Prior research found that mothers’ disapproval of teen sex had similar effects, which suggests that talking with teens about sex is an important task for both mothers and fathers. Though children of teen mothers have a higher likelihood of risky sexual behavior as adults, this study found no differences between children of teen mothers and children of adult mothers when it comes to the impact of fathers’ parenting.
The data used in this paper came from the National Longitudinal Study of Adolescent to Adult Health, a national study funded by multiple agencies that resulted in a large shared set of data on 15,000 people. Grossman and her team’s work was funded by a grant from the Eunice Kennedy Shriver National Institute of Child Health and Human Development at the National Institutes of Health.

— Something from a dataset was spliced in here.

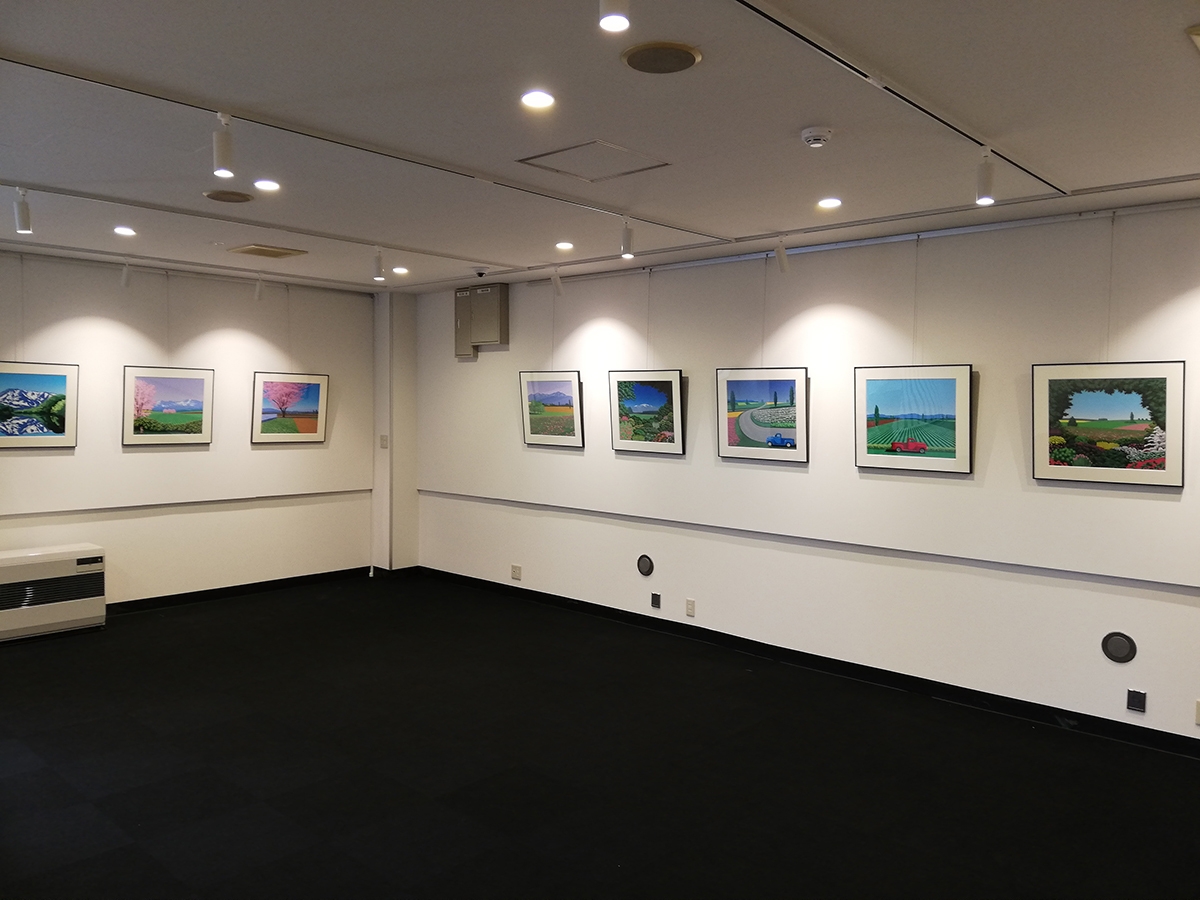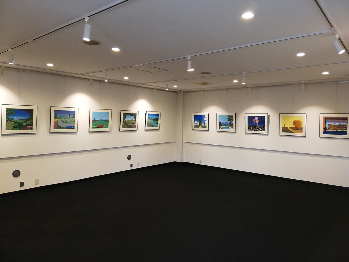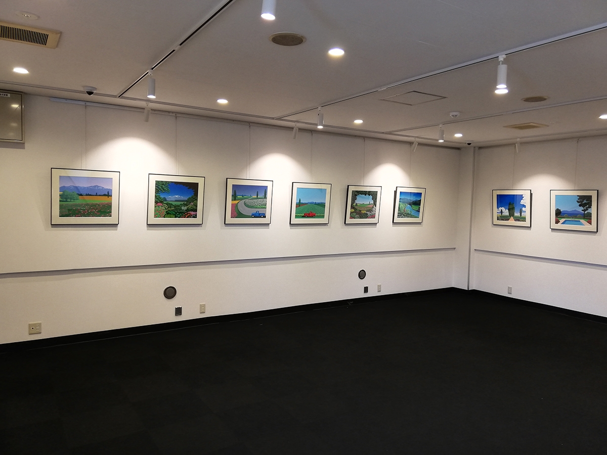2階は展示場スペースを設けています。今回の展覧会は、マテックのホームページやパンフレットで契約を結んでいますイラストレーターの永井博氏の原画を22点展示しています。

What can parents take away from the study? Conversations about sexual health are not solely the domain of mothers; fathers should get involved, no matter the gender of their child.
“Conversations with teens need to go beyond when it’s ok to have sex,” said Grossman. “Express caring and concern for their health and safety. Talk with them on a regular basis about sex and relationships, and share your values—because it seems that dads’ engagement with their teens can really make a difference in their children’s future health.”